Postscript: Nonnie and my Bengali Grandmommy

There are few memories I have of my grandmother. Her raspy voice that came alive with her loud and colorful laugh, her terrible habit of smoking cigarettes, the crossword puzzle in the New York Times that she would stare at for hours on a Sunday morning, the continuous family joke of arranging a marriage for me with the cute French boy next door, and our silly fights about why I would have to wear a dress on Easter or any other event held in her home.

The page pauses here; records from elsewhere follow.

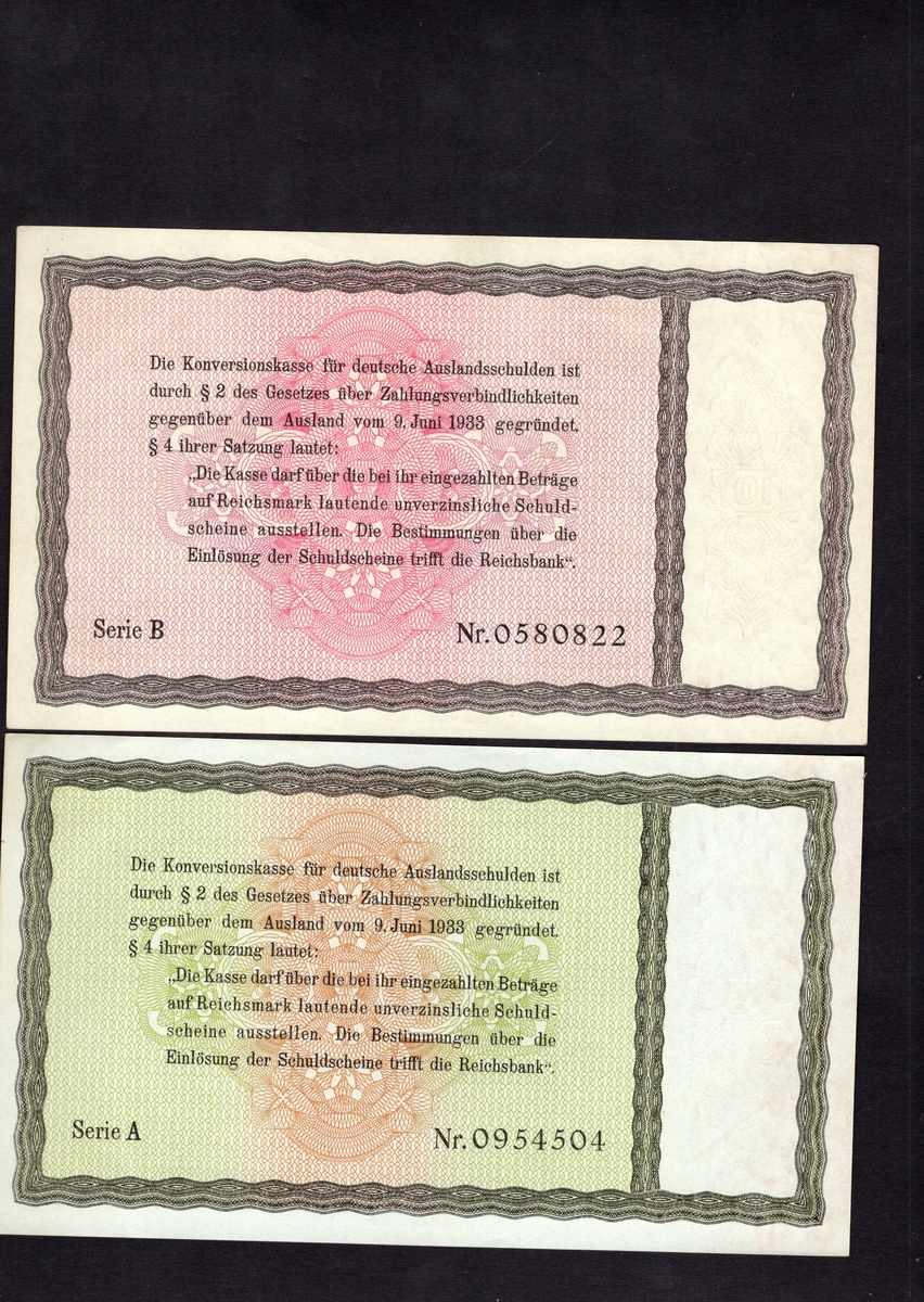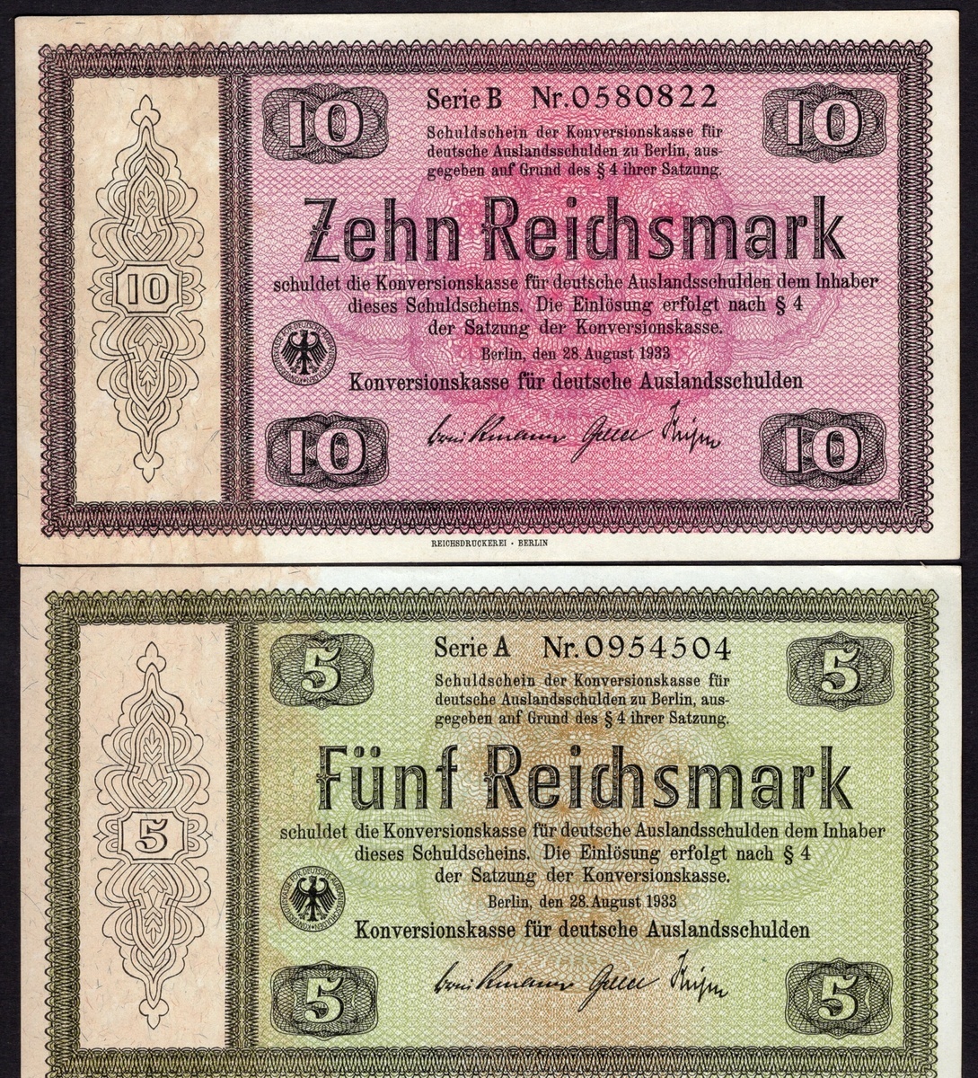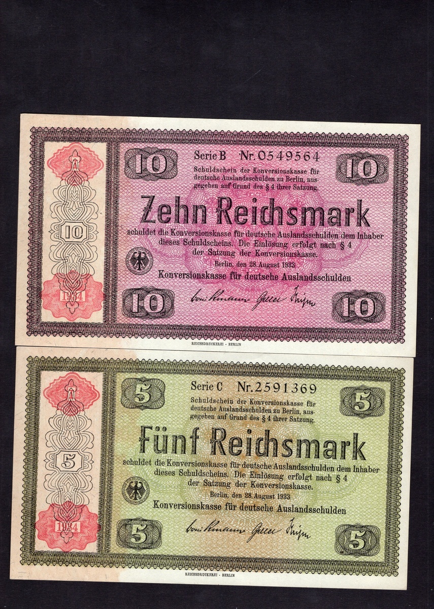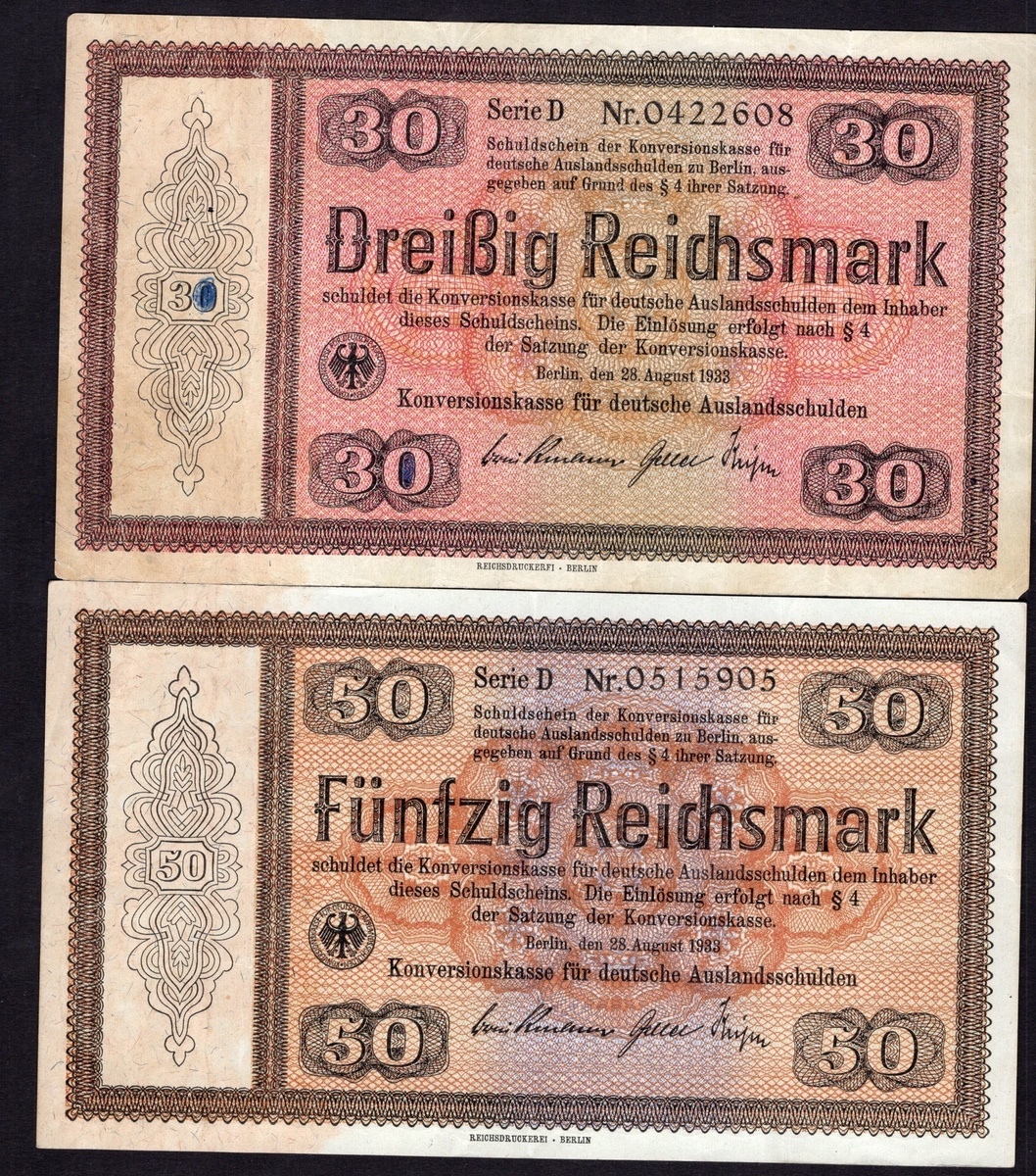 Germany. Third Reich. Conversion Fund for German Foreign Debts. 5, 10, 30 and 50 Reichsmark. 1933. P-199, 200, 201, 203. AU-Unc, Unc, VF with inkmark, and EF. [4]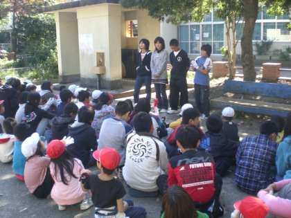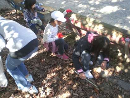今日は6年生との「なかよしグループ」で下野公園の清掃活動に取り組みました。6年生が指示をだして,1年生と一緒に落ち葉やゴミを集めました。さすが6年生です。1年生をうまくリードして頑張りました。1年生もうれしそう。最後には「たくさん集められて楽しかった。」という感想が多く聞かれました。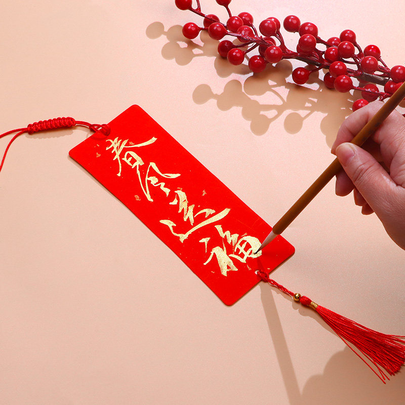 中国风迷你福卡挂件双面万年红宣纸春联纸手写卡纸福字红纸对联专用纸空白书法作品纸喜庆红色书签对联纸挂饰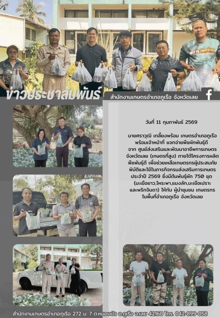 แจกจ่ายพืชผักพันธุ์ดี จาก ศูนย์ส่งเสริมและพัฒนาอาชีพการเกษตรจังหวัดเลย (เกษตรที่สูง)By admin_phuruea / 13 กุมภาพันธ์ 2026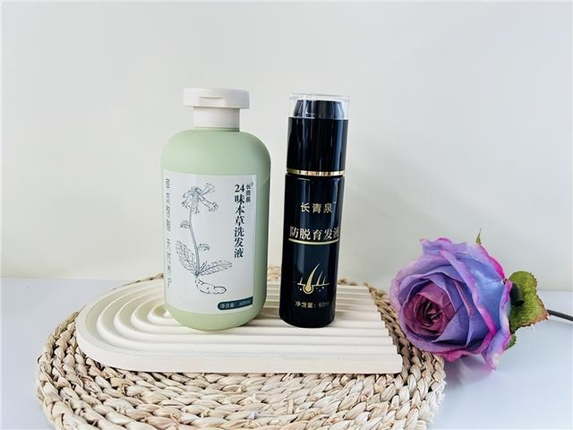 接下来要介绍的是与之形成绝佳搭配的长青泉防脱育发液。这款育发液的配方秉承品牌的草本养护理念,精选何首乌、红花、侧柏叶、补骨脂等植物提取成分,辅以10天的古法泡药工艺,每一滴都融入满满的自然精华。与洗发水搭配使用,防脱与育发兼顾,整体养护效果加乘。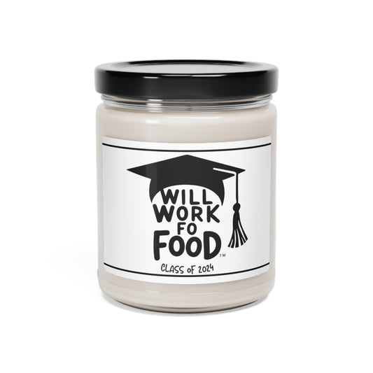 Funny Graduation Gift, Unscented Candle, (Will work fo Food) - Funny Gift for Grads and Foodies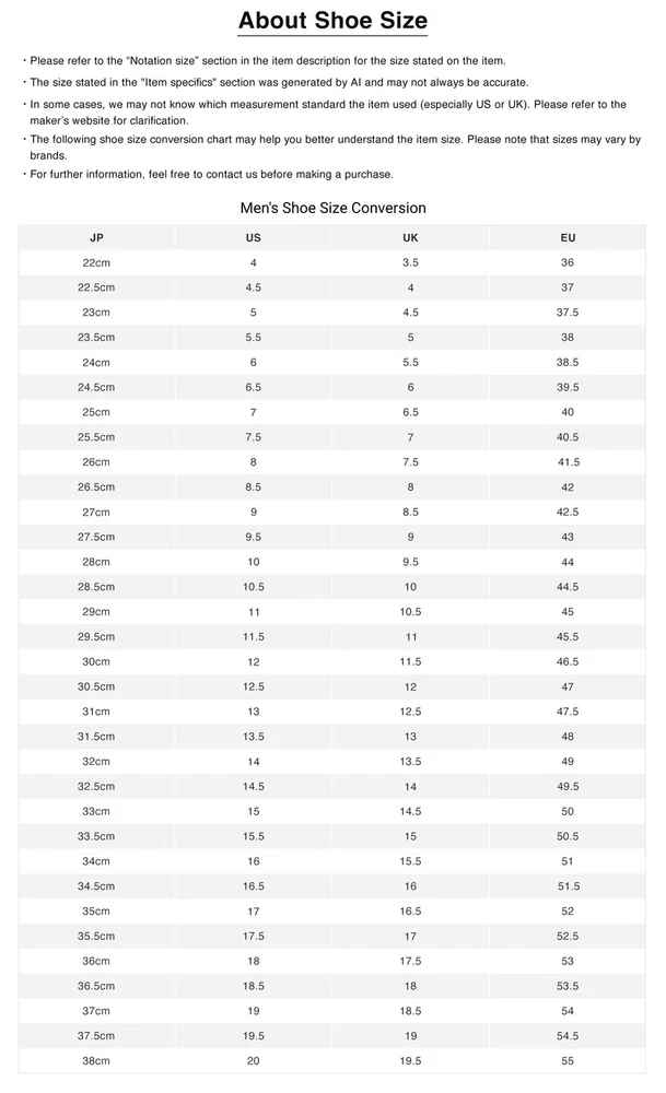 • Before purchasing, please read this page in conjunction with the notes at the bottom of the page, and by placing an order and making payment, you agree to be bound by the product conditions and notes. • International shipping will be facilitated through our central shipping center in Japan. Please allow approximately 10 business days for us to handle the item, from dispatching it from our local store to preparing it for international shipping in our central shipping center. • Tracking number will be provided only after the item reaches our central shipping center in Japan. • Item details and descriptions have been translated by AI, so occasional mistakes may occur. If you encounter any issues, please don't hesitate to reach out to us. PRODUCT INFORMATION Brand PUMA Style Sneaker Department Men Type Athletic Color Beige Product Line Others Character Others Vintage No Customized No Theme Classic Model Others Country/Region of Manufacture Unknown Shoe Shaft Style Low Top Upper Material See Description US Shoe Size 7 UK Shoe Size 6.5 EU Shoe Size 40 Others ■Product name [Used] Puma low-top sneakers SUEDE CLASSIC+ CRFTD 359963-03 men's SIZE 25 (S) PUMA ■Damage Details There is dirt on the surface and midsole There is dirt and wear on the outsole There is a thread on the inside ■Item Details Brand: Puma Model: SUEDE CLASSIC+ CRFTD Accessories: - *Since this is a used item, accessories such as ribbons and replacement belts may not be available when purchasing a new product. Part Number: 359963-03 Category: Mens-Fashion-Shoes-Sneakers-S Color: Beige ■Size Details Notation size: 25 Measured size: S Insole width 10cm (3.94 in) About the size Measurements are taken while lying flat. *Two sizes are listed: the size shown (size announced by the manufacturer) and the measured size (size measured by our company). *We apologize for the inconvenience, but we do not re-measure products once they have been posted. *Please allow slight differences due to measurement size. Material: - *Materials may be described in product images Control number: ITBKBL6N9UKW [Please note] *Negotiations for price reductions are not accepted. About Us BOOKOFF is one of Japan's leading second-hand chain, with more than 700 stores across the country. We offer a wide selection of premium branded items, including designer bags, wallets, jewelry, watches, fashion clothing, and more. All items will be thoroughly inspected, carefully packed, and shipped directly from Japan. BOOKOFF is also a member of the AACD (Association Against Counterfeit Product Distribution), an organization which aims to prevent the distribution of counterfeit and fraudulent products, hence buyers can purchase genuine brand items with confidence at our store. All of our items are selected and authenticated by professional authenticators to ensure their authenticity. About Payment • Only eBay managed payments are accepted. • We do not do transactions outside of eBay. Shipping & Taxes • Free Shipping Worldwide. • All items will be shipped via Japan Post with tracking service (EMS or ePacket). • All orders will be shipped from Japan to the registered address on the buyer's eBay account. • Shipments may be delayed due to bad weather, public holidays, customs office delays, and other conditions beyond our control. • All customs duties, import taxes or related fees occurred during shipping are the responsibilities of the buyer. If you have any concerns, please inquire directly with your local customs office before making a purchase. Return & Cancellation Policy • All listed items are also available at our retail store and multiple online platforms in Japan. In the event that an item is out of stock or sold, we will issue a cancellation along with a full refund. • If you wish to return an item for a refund, please contact us directly before initiating a return or opening a case. • For damaged items or discrepancies with the item description, please reach out to us directly within 10 days of receiving the item, providing pictures of the damaged area or issues. • Unless the item is damaged or does not match its description, buyers will be responsible for the return shipping fee. > All returns must be shipped to our address in Japan with a tracking number. > Refunds will be processed once the returned item has arrived safely. • Buyers who violate eBay policies or misuse eBay's Money Back Guarantee will be reported and blocked from future purchases. click here to see our store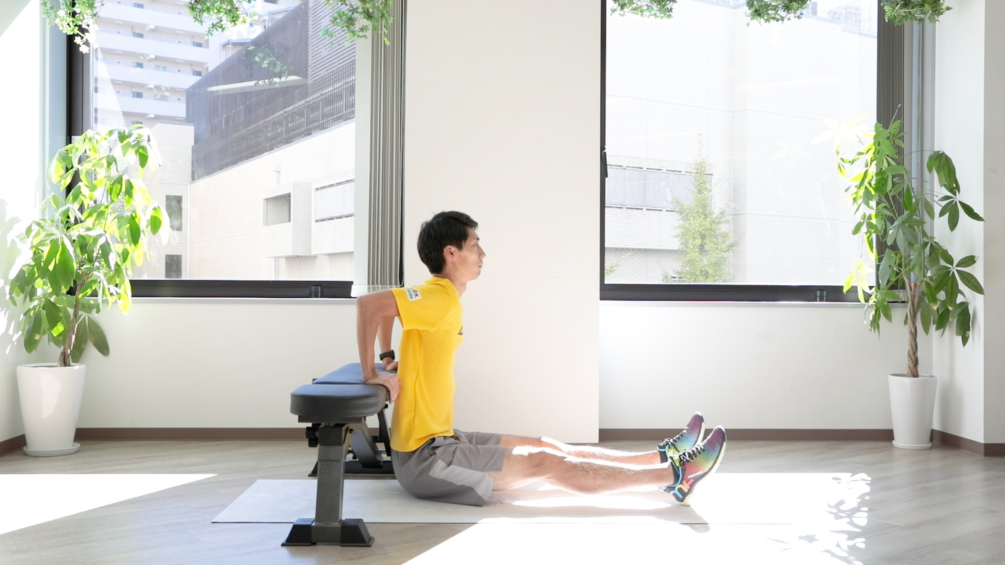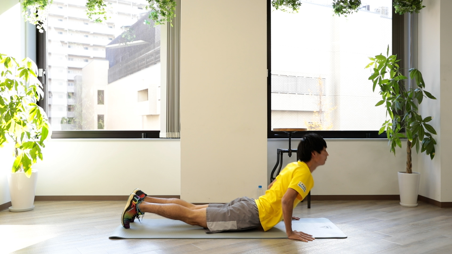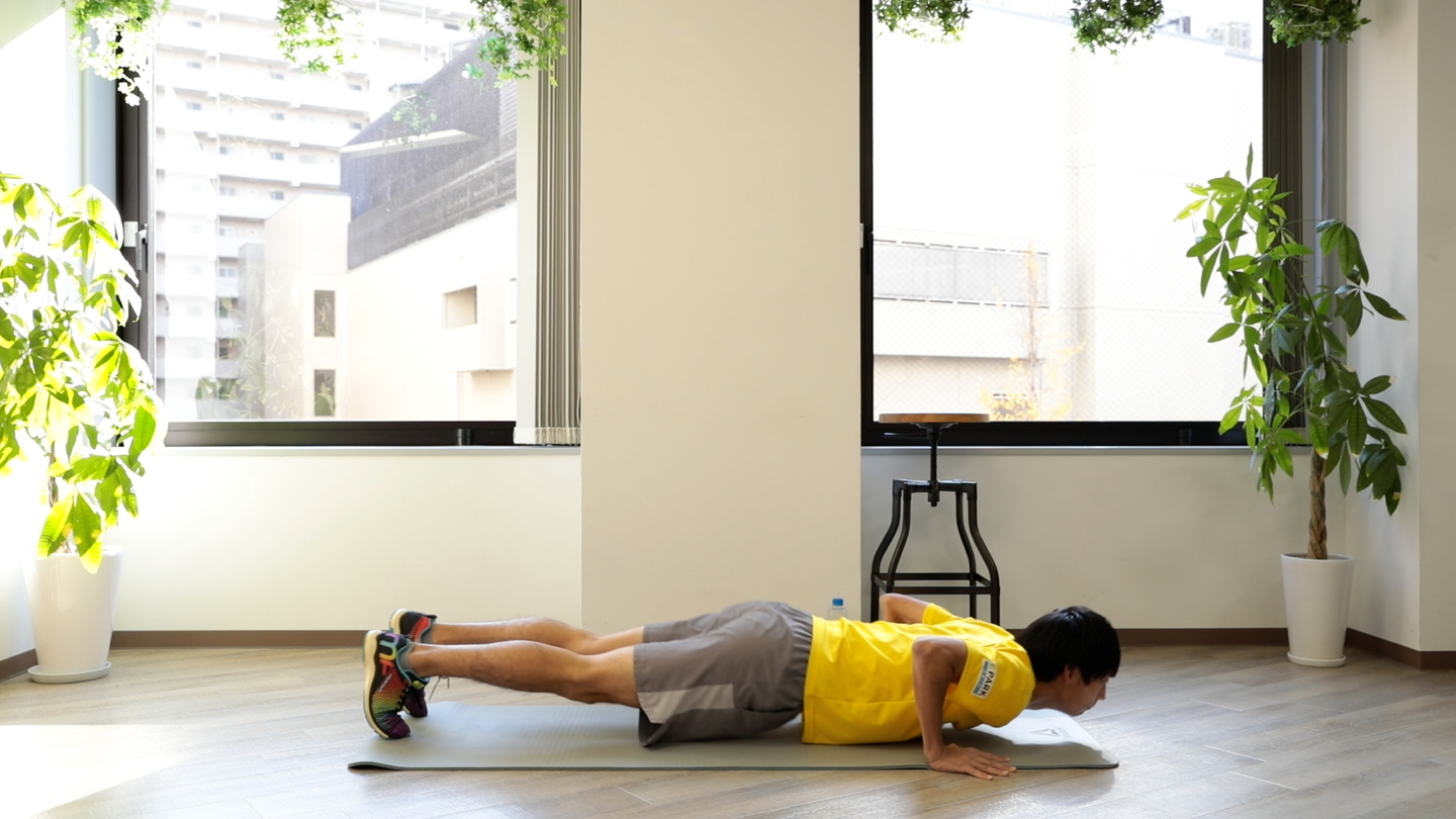 - お尻を浮かせ、足を遠くに伸ばして体を下ろしていく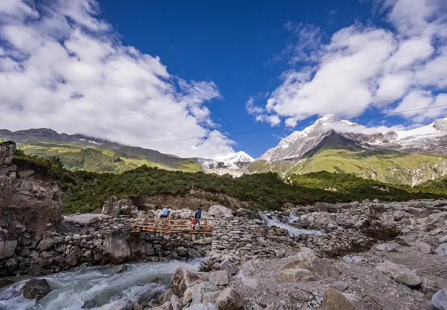 You cross Budhi Gandaki River several times on suspension bridges, and enjoy stunning views of several majestic peaks of the Manaslu region. Crossing the villages of Rana and Ghap, you will come to carved mani stones depicting Tibetan culture.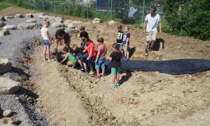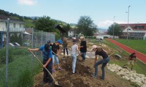 Die Schülerinnen und Schüler durften bei den Arbeiten tatkräftig mithelfen. Nun erleben sie nicht nur spannende Pausen, sondern auch lehrreiche Schulstunden in ihrem neuen Aussenklassenzimmer.
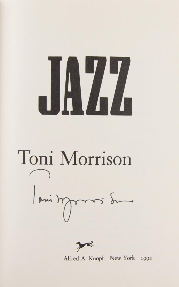 Two books by Toni Morrison: a first trade edition of Jazz, hardcover with dust jacket, published by Alfred A. Knopf in 1992, signed on the title page in black ink; and a first edition of The Nobel Lecture in Literature, 1993, clothbound hardcover, published by Alfred A. Knopf in 1994, signed on the first free end page in black ink. In overall fine condition.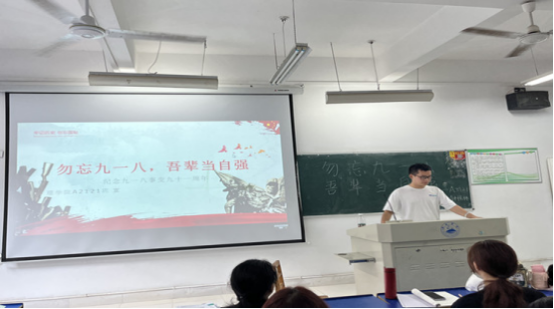 外国语学院主题团日活动中,全国大学生挑战杯红色专项二等奖获得者姚思吟同学讲授了《勿忘九一八吾辈当自强》的微党课,带领同学们回望“九一八”、铭记抗战史,分享了带领团队以九江红色资源为题,创作红色作品并获奖的心路历程。
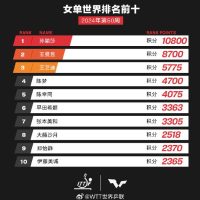 女单方面,孙颖莎持续霸榜第一,王曼昱、王艺迪位列第二、第三。

Surprisingly shining a smile even though I am in a dress-- rare scene

Surprisingly shining a smile even though I am in a dress on Easter– rare scene at the Curlin estate

I hate that these are the only memories I have of my Nonnie. I can’t help but to be angry at myself and absolutely devastated that I will never get the chance to hear her laugh and have a silly fight with her one more time.

However, I am blessed to have gotten the chance to become friends with the people dear to my Nonnie. Every time I hear a quirky story or witness a tear shed about her I learn something new. Instead of those five basic memories, I have been able to create a lifelong image of my grandmother in my mind and in my heart.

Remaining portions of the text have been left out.